Items listed in a dataset
****************
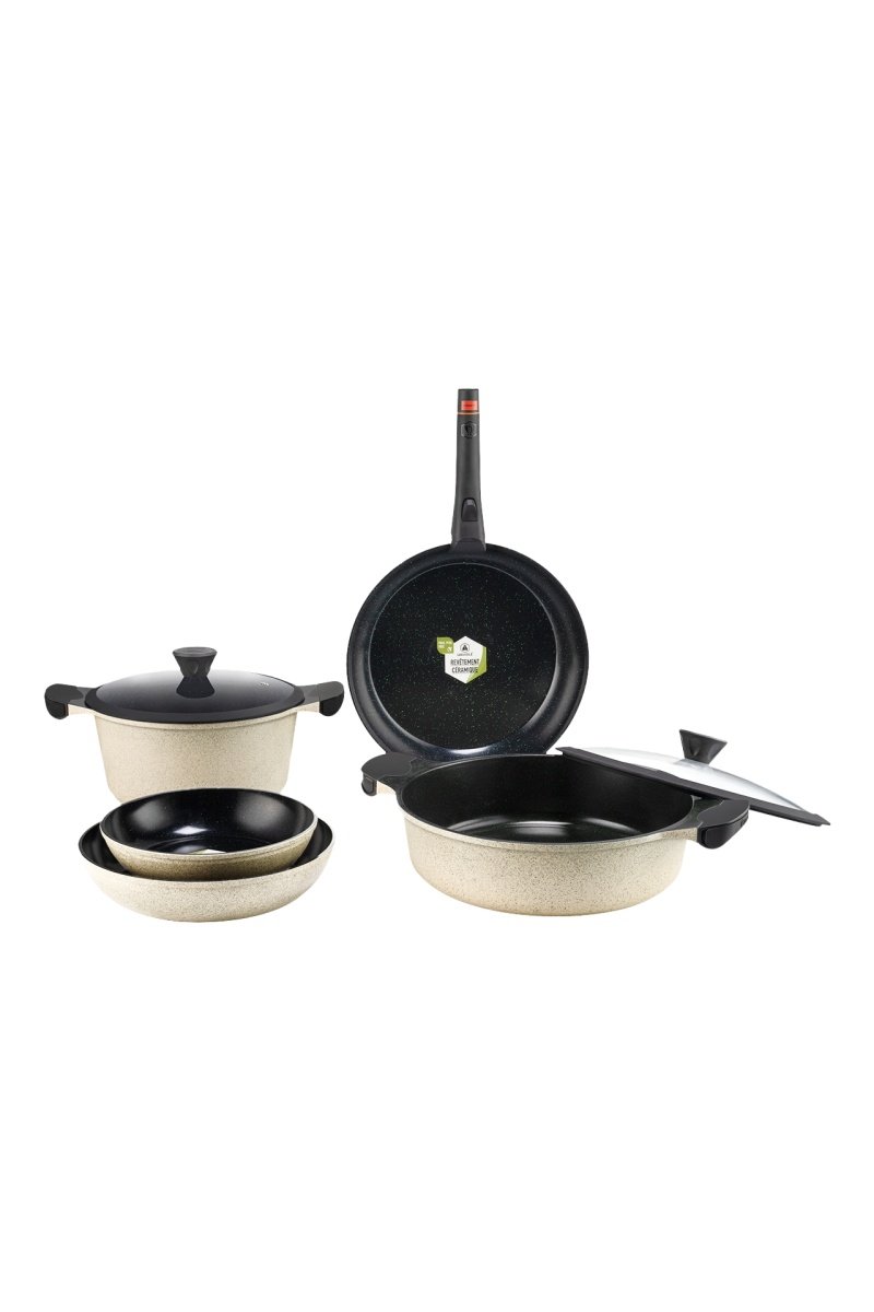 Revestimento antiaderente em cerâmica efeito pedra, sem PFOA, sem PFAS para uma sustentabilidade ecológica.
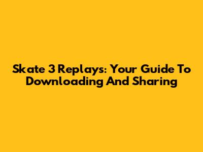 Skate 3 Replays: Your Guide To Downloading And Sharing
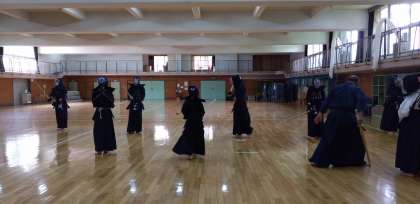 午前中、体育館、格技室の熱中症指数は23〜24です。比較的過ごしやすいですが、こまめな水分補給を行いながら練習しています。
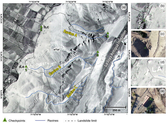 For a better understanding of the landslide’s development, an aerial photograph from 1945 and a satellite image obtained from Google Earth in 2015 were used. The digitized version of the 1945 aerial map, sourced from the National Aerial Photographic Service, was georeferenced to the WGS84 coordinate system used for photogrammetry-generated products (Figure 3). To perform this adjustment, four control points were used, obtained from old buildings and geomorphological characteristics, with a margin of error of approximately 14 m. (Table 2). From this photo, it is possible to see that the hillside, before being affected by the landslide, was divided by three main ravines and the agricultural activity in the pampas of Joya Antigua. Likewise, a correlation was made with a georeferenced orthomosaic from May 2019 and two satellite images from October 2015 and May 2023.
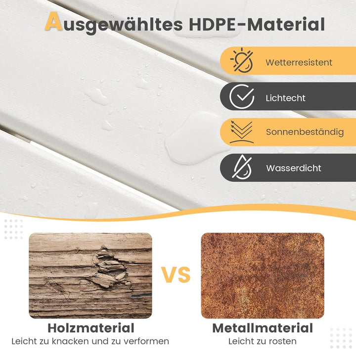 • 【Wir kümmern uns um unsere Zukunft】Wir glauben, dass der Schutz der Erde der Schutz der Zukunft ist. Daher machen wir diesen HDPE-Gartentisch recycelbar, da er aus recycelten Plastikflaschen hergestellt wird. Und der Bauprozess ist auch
****************
Brief:
Beginning at the line that contains "For a better", copy each remaining line of the records exactly, through the final one. Omit the pictures.

Output:
 For a better understanding of the landslide’s development, an aerial photograph from 1945 and a satellite image obtained from Google Earth in 2015 were used. The digitized version of the 1945 aerial map, sourced from the National Aerial Photographic Service, was georeferenced to the WGS84 coordinate system used for photogrammetry-generated products (Figure 3). To perform this adjustment, four control points were used, obtained from old buildings and geomorphological characteristics, with a margin of error of approximately 14 m. (Table 2). From this photo, it is possible to see that the hillside, before being affected by the landslide, was divided by three main ravines and the agricultural activity in the pampas of Joya Antigua. Likewise, a correlation was made with a georeferenced orthomosaic from May 2019 and two satellite images from October 2015 and May 2023.
 • 【Wir kümmern uns um unsere Zukunft】Wir glauben, dass der Schutz der Erde der Schutz der Zukunft ist. Daher machen wir diesen HDPE-Gartentisch recycelbar, da er aus recycelten Plastikflaschen hergestellt wird. Und der Bauprozess ist auch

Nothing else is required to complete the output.